THE TASK
Output the data below exactly, without images.
SUPPLIED INFORMATION START
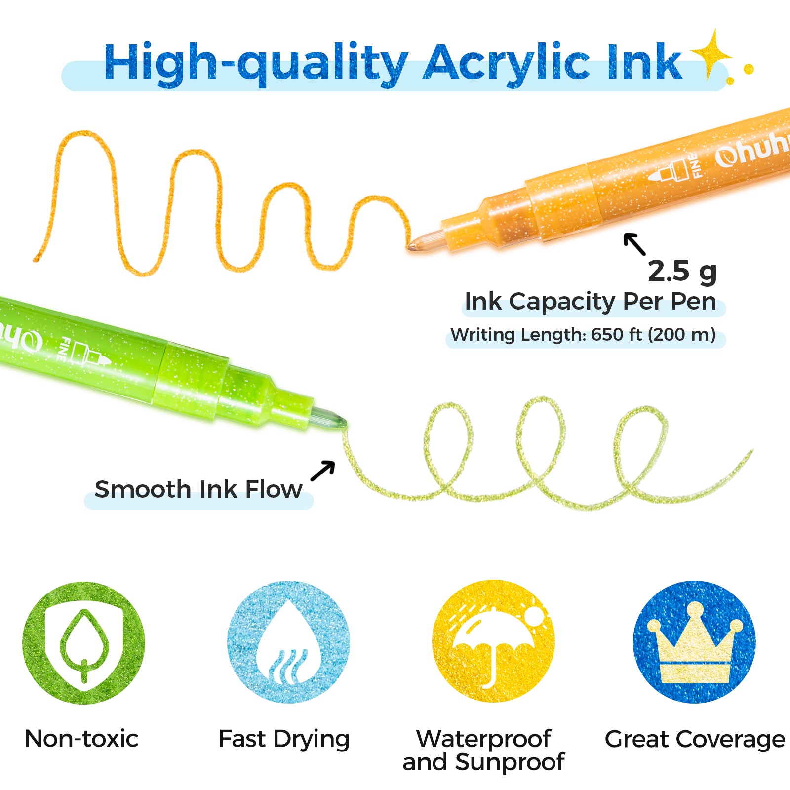 With rich, even coverage and a round tip that glides easily, every stroke feels natural. Ohuhu’s fast-drying, non-toxic ink keeps your process clean and simple, while your colors stay vibrant over time.
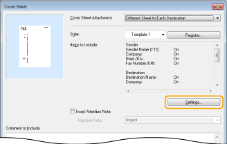 Εμφανίστε τα στοιχεία που θα συμπεριληφθούν σε ένα συνοδευτικό φύλλο. Για να αλλάξετε τα στοιχεία που θα συμπεριλαμβάνονται, πατήστε [Settings] (Ρυθμίσεις).
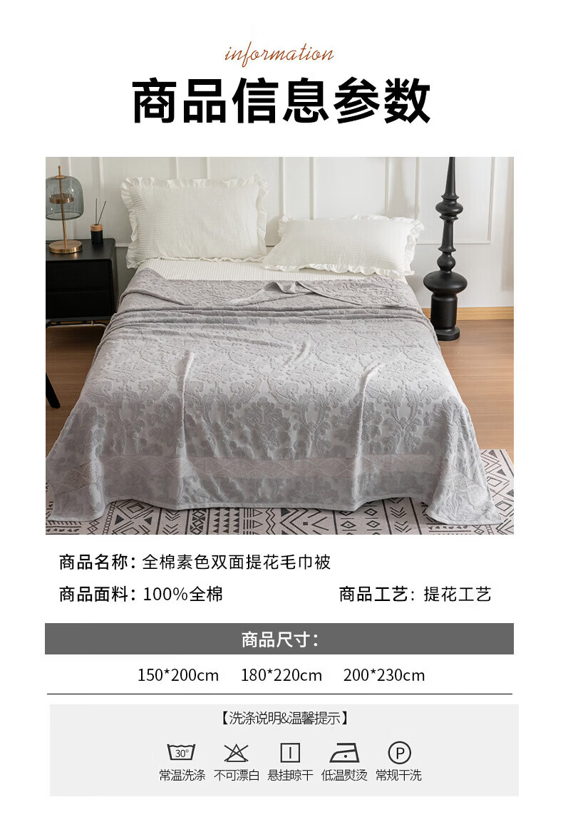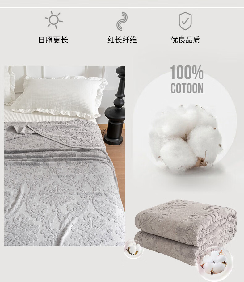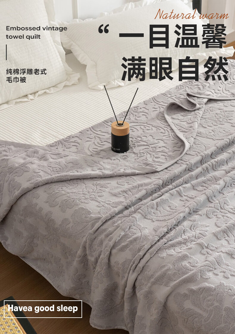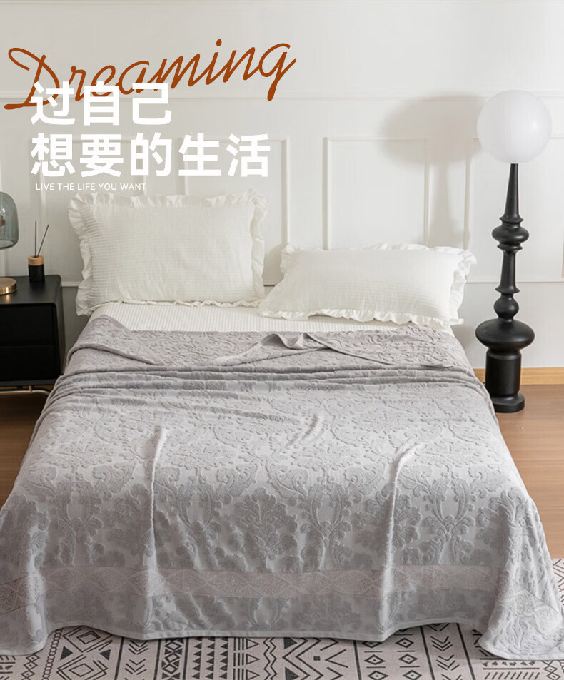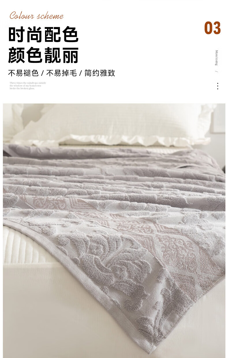 洁丽雅全棉毛巾被纯棉提花沙发毯盖毯毯子被子春秋空调毯老式毛圈暖气被 灰色-浮雕毛圈款 150*200cm【全棉毛巾被】
SUPPLIED INFORMATION END
RESULT
 With rich, even coverage and a round tip that glides easily, every stroke feels natural. Ohuhu’s fast-drying, non-toxic ink keeps your process clean and simple, while your colors stay vibrant over time.
 Εμφανίστε τα στοιχεία που θα συμπεριληφθούν σε ένα συνοδευτικό φύλλο. Για να αλλάξετε τα στοιχεία που θα συμπεριλαμβάνονται, πατήστε [Settings] (Ρυθμίσεις).
 洁丽雅全棉毛巾被纯棉提花沙发毯盖毯毯子被子春秋空调毯老式毛圈暖气被 灰色-浮雕毛圈款 150*200cm【全棉毛巾被】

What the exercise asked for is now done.